Your task:
Give again, word for word, every line below from the one that has "开云体育-NBA官方晒盖帽榜:文班总盖帽一骑绝尘 场均2.9帽无人能及" through the one that has "楚才中学2022年部门决算说明", both included, and no others.

Data shown:
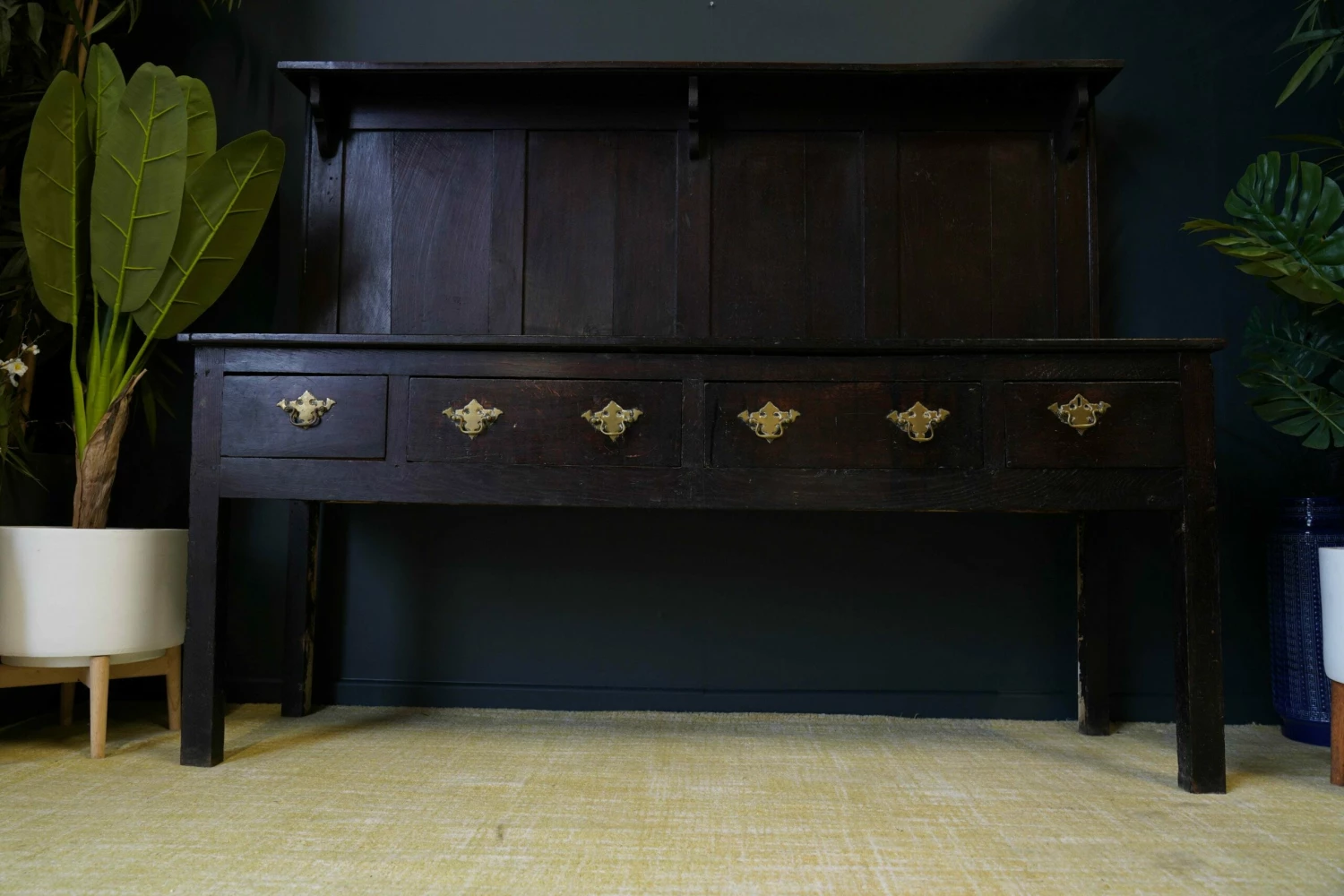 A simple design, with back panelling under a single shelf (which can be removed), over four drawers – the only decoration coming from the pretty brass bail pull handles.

--

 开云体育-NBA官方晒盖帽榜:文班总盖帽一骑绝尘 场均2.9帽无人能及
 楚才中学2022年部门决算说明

* * *

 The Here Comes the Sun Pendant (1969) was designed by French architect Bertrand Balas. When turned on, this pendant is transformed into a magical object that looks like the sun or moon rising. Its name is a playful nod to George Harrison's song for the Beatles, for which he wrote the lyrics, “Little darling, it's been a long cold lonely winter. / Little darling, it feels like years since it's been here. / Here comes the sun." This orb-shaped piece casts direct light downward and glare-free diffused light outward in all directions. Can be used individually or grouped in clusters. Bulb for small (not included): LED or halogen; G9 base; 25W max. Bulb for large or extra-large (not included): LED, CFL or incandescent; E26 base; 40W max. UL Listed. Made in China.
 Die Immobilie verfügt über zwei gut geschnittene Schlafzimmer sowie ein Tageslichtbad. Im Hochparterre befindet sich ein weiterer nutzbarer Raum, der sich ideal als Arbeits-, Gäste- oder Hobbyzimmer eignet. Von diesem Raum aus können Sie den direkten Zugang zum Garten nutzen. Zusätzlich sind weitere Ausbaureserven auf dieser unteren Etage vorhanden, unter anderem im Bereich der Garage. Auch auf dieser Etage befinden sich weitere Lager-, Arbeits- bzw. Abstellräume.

Solution below:
 开云体育-NBA官方晒盖帽榜:文班总盖帽一骑绝尘 场均2.9帽无人能及
 楚才中学2022年部门决算说明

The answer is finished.